Year Ended December 31, 2012 Compared to the Year Ended December 31, 2011

Oil and gas sales. Revenue from oil and gas sales increased $18.4 million during 2012 to $121.8 million, a 18% increase compared to 2011. This increase primarily resulted from an increase in oil production and an increase in realized oil prices. Net oil production for 2012 and 2011 was 1.1 MMbbls and 0.9 MMbbls, respectively. Net gas production for 2012 and 2011 was 5.5 Bcf and 5.0 Bcf, respectively. Additionally, the average realized price per barrel of oil for 2012 and 2011 was $96.02 and $91.53, respectively.
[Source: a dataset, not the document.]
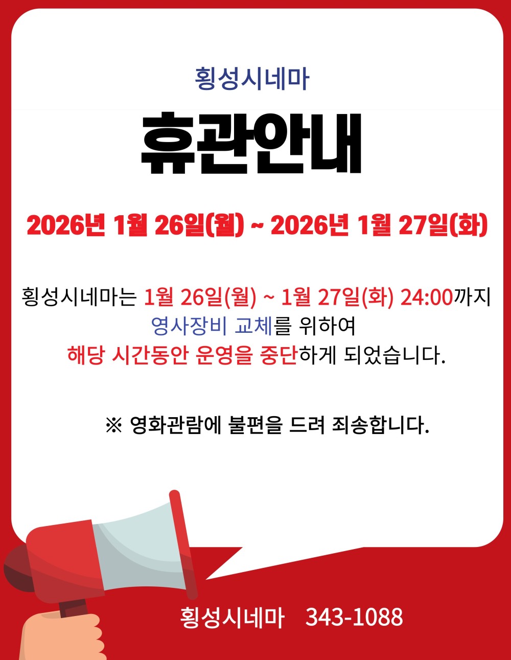 [횡성군] [대표] 횡성군 작은영화관'횡성시네마' 휴관안내

The average realized price per Mcf of gas for 2012 and 2011 was $2.78 and $3.98, respectively.

Lease operating expense. Lease operating expense increased 8% to $33.1 million ($16.31 per boe) for 2012 compared to $30.6 million ($17.53 per boe) in 2011. Primarily, lease operating expense increased due to a 16% increase in production. Oil lease operating expense increased slightly on a per barrel basis from $19.19 in 2011 to $19.46 per barrel in 2012. This resulted from higher ad valorem taxes and fuel and power costs associated with moving more liquids throughout the central facility during 2012. Additionally, this increase was offset by lower gas severance taxes due to lower natural gas prices.
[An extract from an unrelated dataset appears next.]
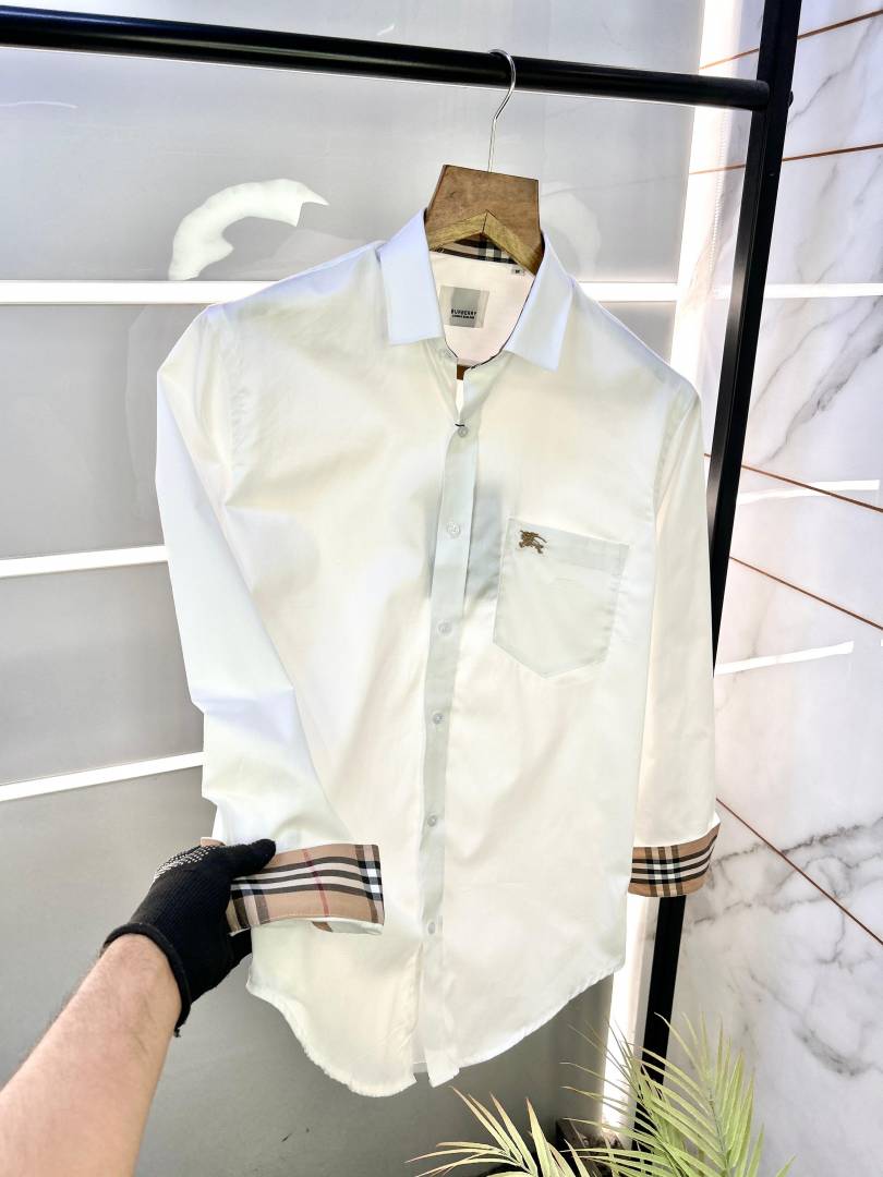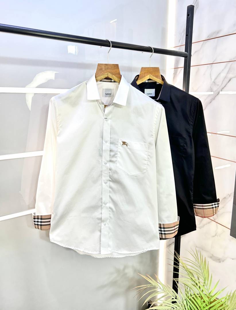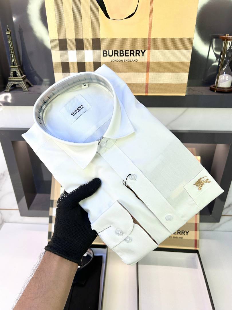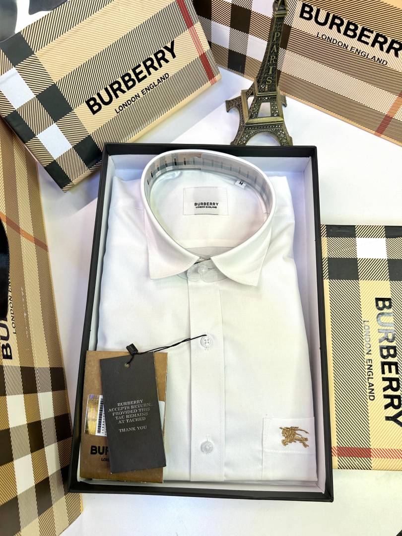 Burberr y White Embroidery Logo Premium Shirt With Brand Box Packing and carry bag F2283-WH

Depreciation, depletion and amortization. Depreciation, depletion and amortization expense increased $16.7 million for 2012 to $47.2 million, a 55% increase compared to last year. The increase in depletion expense resulted from an increase in the 2012 depletion rate and an increase in production. The 2012 depletion rate increased to $23.26 per boe compared to $17.46 per boe in 2011. The increase in the 2012 depletion rate compared to the 2011 depletion rate on a boe basis reflects a reduction in proved undeveloped gas reserves, due to lower gas prices rendering development uneconomic. Additionally, estimated future development costs and abandonment costs increased from $189 million at December 31, 2011 to $223 million at December 31, 2012.
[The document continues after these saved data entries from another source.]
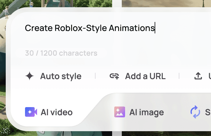 Create AI‑powered Roblox animation videos in minutes — just describe your scene or upload your character, and Medeo handles the rest.
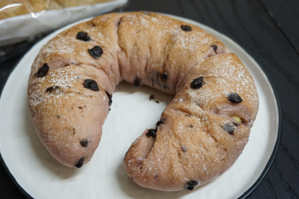 切開內餡就是卡士達醬,混合著巧克力豆跟莓果肉,麵包本身也是有加入莓果,咀嚼的時候帶出一點莓果香氣
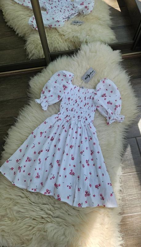 через кнопку купить только полная оплата!!! Стильное муслиновое платье для девушек Верхняя часть платья собрана, красиво тянется. Внизу спереди разрез. Ткань - муслин (Турция). Замеры: 140 длина от плеча - 72см, полуобхват груди - тянется до 40см. 146 длина от плеча - 74см, полуобхват груди - тянется до 41см. Мс
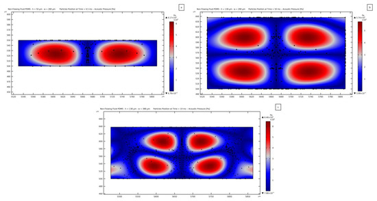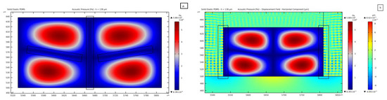 Figure 14b reports the acoustic pressure in the case of a channel 138 μm thick and 280 μm wide. Also in this case, the acoustic pressure distribution is similar to the already discussed one, with one vertical node, one horizontal node, and four antinodes. By comparing this solution with the one reported in Figure 13b, it can be seen that the horizontal node seems to be flatter in the present solution of Figure 14b. Anyway, the motion of the microparticles turns out to be the same as the one reported in Figure 13b.

General and administrative expenses. General and administrative expenses increased $5.0 million in 2012 to $19.8 million, a 34% increase compared to last year. This increase resulted from the severance packages payable to the Company's former Chief Executive Officer and two former Officers totaling $3.5 million ($2.4 million in cash and $1.1 million in non-cash related to the accelerated vesting of stock options). Additionally, consulting expense increased $1.0 million during 2012.